Орландо. Волны. Флаш (сборник) - стр. 53
Эти разногласия огорчили Орландо, которая до тех пор была совершенно счастлива. Она стала раздумывать – прекрасна ли, жестока ли Природа; потом спрашивать себя – что есть красота; заключена ли она в вещах или содержится только в ней самой; далее она перешла к рассуждениям о сущности объективного, что, естественно, повело ее к вопросу об истине, а уж затем к Любви, Дружбе, Поэзии (как дома, на высокой горе, давным-давно), и все эти рассуждения, из которых она ни единого слова не могла никому поведать, заставили ее, как никогда, томиться по перу и чернилам.

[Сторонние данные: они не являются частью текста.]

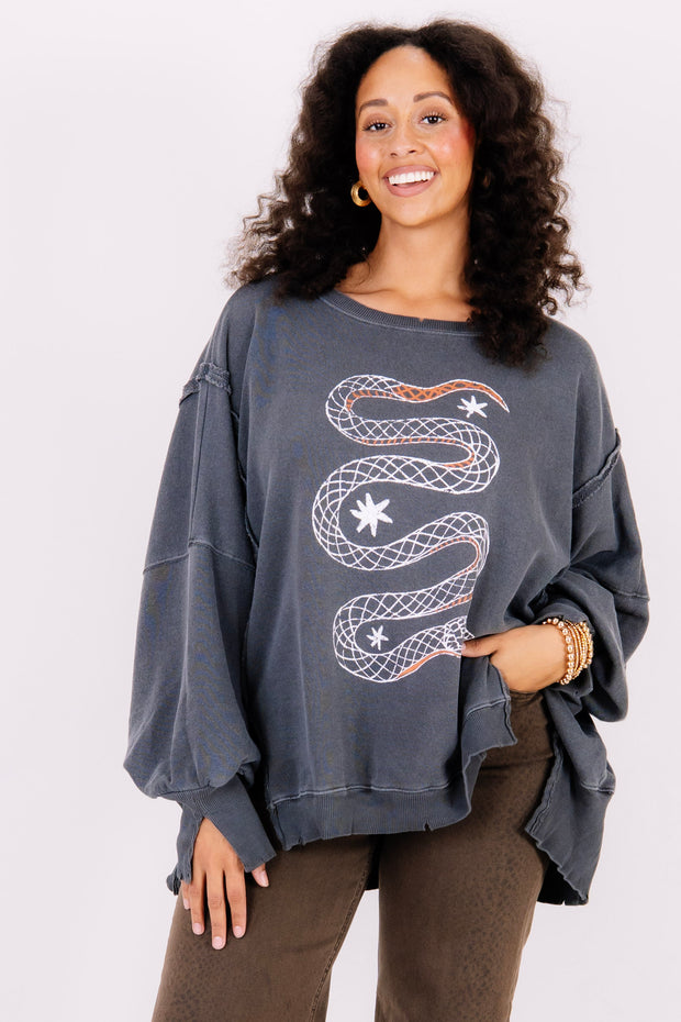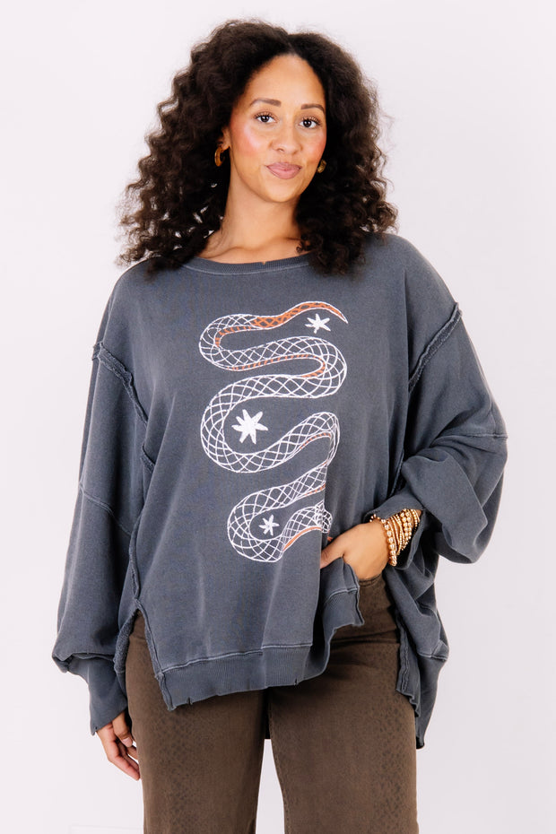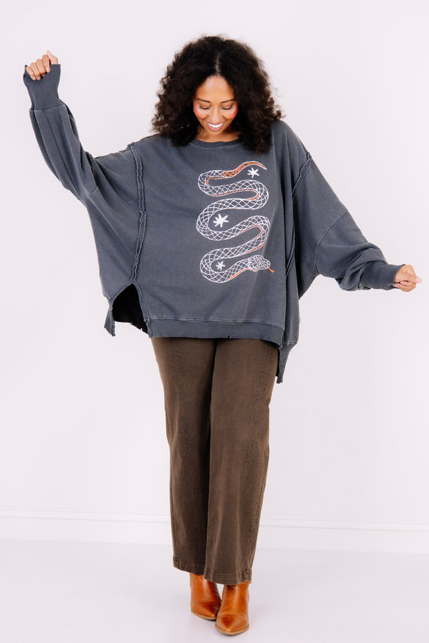 This Sweatshirt features a rounded neckline and long sleeves for a comfortable fit. Its waist-length design and oversized fit provide a relaxed, cozy style. The front showcases a detailed Snake graphic, adding a charming touch to your casual wardrobe.
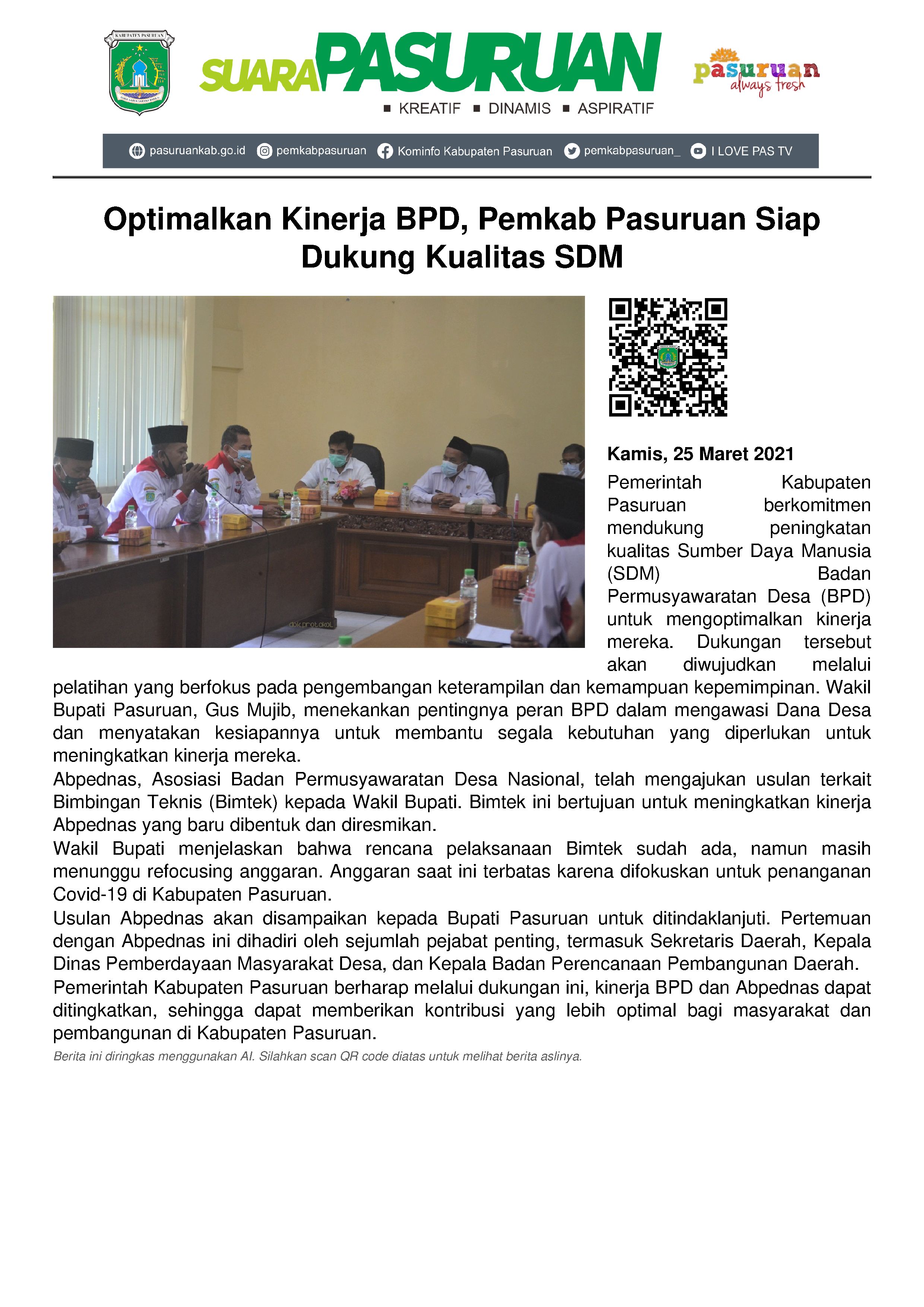Agar kinerja Badan Permusyawaratan Desa (BPD) lebih optimal, Pemerintah Kabupaten Pasuruan siap mendukung dari sisi peningkatan kualiatas Sumber Daya Manusia (SDM). Diantaranya dilakukan melalui penyelenggaraan pelatihan yang bersifat training empowering leader atau pelatihan pengembangan ketrampilan dan kemampuan. Pernyataan itu disampaikan Gus Mujib sapaan familiar Wakil Bupati Pasuruan pada saat menerima kunjungan dari Asosiasi Badan Permusyawaratan Desa Nasional (Abpednas), Rabu (24/3/2021).

– О, если б я могла писать! – восклицала она (по странному самомненью всей пишущей братии веря в доходчивость написанного слова). Чернил у нее не было, и очень мало бумаги. Но она сделала чернила из вина и ягод; и, выискивая поля и пробелы в рукописи «Дуба», ухитрялась, пользуясь своего рода стенографическим способом, описывать пейзажи в нескончаемых белых стихах и увековечивать собственные диалоги с собой об Истине и Красоте, довольно, впрочем, выразительные. Это дарило ей целые часы безмятежного счастья. Но цыгане стали настораживаться. Сперва они заметили, что она уже не так проворно доит коз и варит сыр; потом – что она не сразу отвечает на вопросы; а как-то один цыганенок проснулся перепуганный под ее взглядом. Иногда все племя, насчитывавшее десятки взрослых мужчин и женщин, испытывало скованность в ее присутствии. Происходило это из-за ощущения (а ощущения их изощренны, не в пример словарю), что все крошится в их руках. Старуха, вязавшая корзину, свежевавший овцу мальчик мирно напевали за работой, но тут в табор являлась Орландо, ложилась у костра и начинала пристально смотреть на пламя. Она на них и взгляда не бросала, но они чувствовали, что вот кто-то сомневается (мы делаем лишь грубый, подстрочный перевод с цыганского); что вот кто-то ничего не станет делать просто делания ради; не посмотрит просто так, чтобы смотреть; не верит ни в овечью шкуру, ни в корзину; но видит (тут они опасливо косились на шатер Орландо) что-то еще. И смутное, томящее чувство росло в том мальчике; росло в старухе. Они ломали прутья; ранили себе пальцы. Их распирала ярость. Им хотелось, чтобы Орландо ушла подальше и больше не возвращалась. А ведь она была весела, добра – кто спорит; и за одну-единственную ее жемчужину можно было сторговать лучший козий гурт во всей Бурсе.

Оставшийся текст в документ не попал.